Securing SQL on Hadoop, Part 2: Installing and configuring Drill

Today we’re going to pick up where we left off in Part 1 of my two-parter about setting up a CDH cluster to perform secure SQL queries on an HDFS store. As you recall, last time we had just finished using Cloudera Manager’s wizard to finalize a Kerberos configuration, and all of the cluster services had come back online using the new security system so our basic HDFS cluster set-up was good to go. All that’s left to do now is install and configure the piece of software that implements the SQL interface: Apache Drill.

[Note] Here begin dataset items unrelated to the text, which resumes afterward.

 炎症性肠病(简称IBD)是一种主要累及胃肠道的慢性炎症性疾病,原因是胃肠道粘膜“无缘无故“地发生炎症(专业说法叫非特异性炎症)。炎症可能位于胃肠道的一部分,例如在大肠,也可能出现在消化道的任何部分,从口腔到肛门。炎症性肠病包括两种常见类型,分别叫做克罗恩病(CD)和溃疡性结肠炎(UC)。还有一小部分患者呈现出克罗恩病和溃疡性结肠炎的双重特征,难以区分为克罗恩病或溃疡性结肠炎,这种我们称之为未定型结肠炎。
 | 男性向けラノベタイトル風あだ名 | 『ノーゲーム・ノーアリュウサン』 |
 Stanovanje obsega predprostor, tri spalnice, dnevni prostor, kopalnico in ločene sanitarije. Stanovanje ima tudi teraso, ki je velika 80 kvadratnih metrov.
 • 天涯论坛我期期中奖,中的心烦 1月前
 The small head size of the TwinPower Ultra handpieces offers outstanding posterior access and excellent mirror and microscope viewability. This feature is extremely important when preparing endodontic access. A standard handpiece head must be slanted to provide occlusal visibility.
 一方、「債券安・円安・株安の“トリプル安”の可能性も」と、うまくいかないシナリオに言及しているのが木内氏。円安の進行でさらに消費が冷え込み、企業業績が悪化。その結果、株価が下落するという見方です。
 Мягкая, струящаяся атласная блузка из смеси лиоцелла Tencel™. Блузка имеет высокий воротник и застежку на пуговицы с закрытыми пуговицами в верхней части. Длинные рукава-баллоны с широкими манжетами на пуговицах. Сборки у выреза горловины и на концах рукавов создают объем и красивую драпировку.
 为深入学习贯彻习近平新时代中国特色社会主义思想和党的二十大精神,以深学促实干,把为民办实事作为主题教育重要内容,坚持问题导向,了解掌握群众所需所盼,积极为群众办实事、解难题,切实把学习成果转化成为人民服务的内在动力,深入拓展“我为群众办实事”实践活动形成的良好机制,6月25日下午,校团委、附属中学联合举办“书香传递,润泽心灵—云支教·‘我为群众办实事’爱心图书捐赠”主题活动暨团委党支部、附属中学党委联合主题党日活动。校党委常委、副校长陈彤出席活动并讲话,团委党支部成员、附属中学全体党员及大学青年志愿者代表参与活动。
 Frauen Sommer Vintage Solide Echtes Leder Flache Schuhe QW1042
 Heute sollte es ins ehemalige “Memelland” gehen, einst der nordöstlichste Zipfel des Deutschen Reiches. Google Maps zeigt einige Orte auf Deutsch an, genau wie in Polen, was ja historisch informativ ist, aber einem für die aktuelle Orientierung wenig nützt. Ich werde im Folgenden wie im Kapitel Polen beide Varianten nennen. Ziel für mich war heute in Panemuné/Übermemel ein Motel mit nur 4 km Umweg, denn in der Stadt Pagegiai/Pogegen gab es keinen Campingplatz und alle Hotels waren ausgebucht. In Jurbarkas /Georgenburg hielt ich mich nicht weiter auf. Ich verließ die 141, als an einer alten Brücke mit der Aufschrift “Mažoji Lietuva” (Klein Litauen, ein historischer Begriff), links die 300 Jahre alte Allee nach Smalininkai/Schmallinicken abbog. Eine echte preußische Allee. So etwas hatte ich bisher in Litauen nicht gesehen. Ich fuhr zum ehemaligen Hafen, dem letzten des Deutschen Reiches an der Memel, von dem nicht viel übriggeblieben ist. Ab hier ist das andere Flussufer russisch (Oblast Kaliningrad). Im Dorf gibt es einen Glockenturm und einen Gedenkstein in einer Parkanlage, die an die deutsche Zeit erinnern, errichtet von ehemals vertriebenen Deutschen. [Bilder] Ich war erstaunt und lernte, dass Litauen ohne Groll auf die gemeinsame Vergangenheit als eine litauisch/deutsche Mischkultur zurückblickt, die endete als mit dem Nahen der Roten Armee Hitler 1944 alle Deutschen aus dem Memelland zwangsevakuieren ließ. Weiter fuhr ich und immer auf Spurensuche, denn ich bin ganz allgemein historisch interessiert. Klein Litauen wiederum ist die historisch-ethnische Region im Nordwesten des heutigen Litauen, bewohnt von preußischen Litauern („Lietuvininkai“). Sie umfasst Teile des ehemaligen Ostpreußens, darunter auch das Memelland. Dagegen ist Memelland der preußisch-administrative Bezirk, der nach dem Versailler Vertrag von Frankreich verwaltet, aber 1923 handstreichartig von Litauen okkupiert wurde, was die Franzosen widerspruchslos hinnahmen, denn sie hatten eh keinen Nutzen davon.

Step 1.) Drill prerequisites

First things first: We’re gonna need Java 7 or better on our CDH machines. Following some useful information found here and here, we can set up a new package repository and pull it down using:

$ sudo apt-get install software-properties-common python-software-properties
$ sudo add-apt-repository ppa:webupd8team/java
$ sudo apt-get update
$ sudo apt-get install oracle-java7-installer

(Remember to do this for each node on your cluster!)

Step 2.) Install Drill

Time to install Drill and tell it where the cluster’s ‘Zookeeper’ is (REMEMBER: Just like installing Java, this step needs to be done on every node). Start by downloading and unpacking the software:

$ wget http://apache.osuosl.org/drill/drill-1.4.0/apache-drill-1.4.0.tar.gz
$ tar xzvf apache-drill-1.4.0.tar.gz

Next edit Drill’s conf/drill-override.conf file so that it looks like:

drill.exec: {
  cluster-id: "drill-cdh-cluster",
  zk.connect: "<ZOOKEEPER IP>:2181"
}

Where 'ZOOKEEPER IP’ should be changed to the IP of the CDH machine that runs the zookeeper process (this is probably the same as the Main Node from the last article).

If you’d like, you can add Drill to the system path by adding this to .bashrc:

export PATH=$PATH:/apache-drill-1.4.0/bin

Step 3.) Configuring Drill for HDFS

Now we need to set up Drill so that it can read our cluster’s HDFS. Open the Drill Web Console by going to http://<MAIN NODE IP>:8047. Click 'Storage’ at the top and then 'Update’ next to the dfs plugin and copy the JSON that you find in the text field. Next make a new storage plugin called 'hdfs’ (previous page) and then paste in the text you just copied, replacing the 'null’ that’s already there.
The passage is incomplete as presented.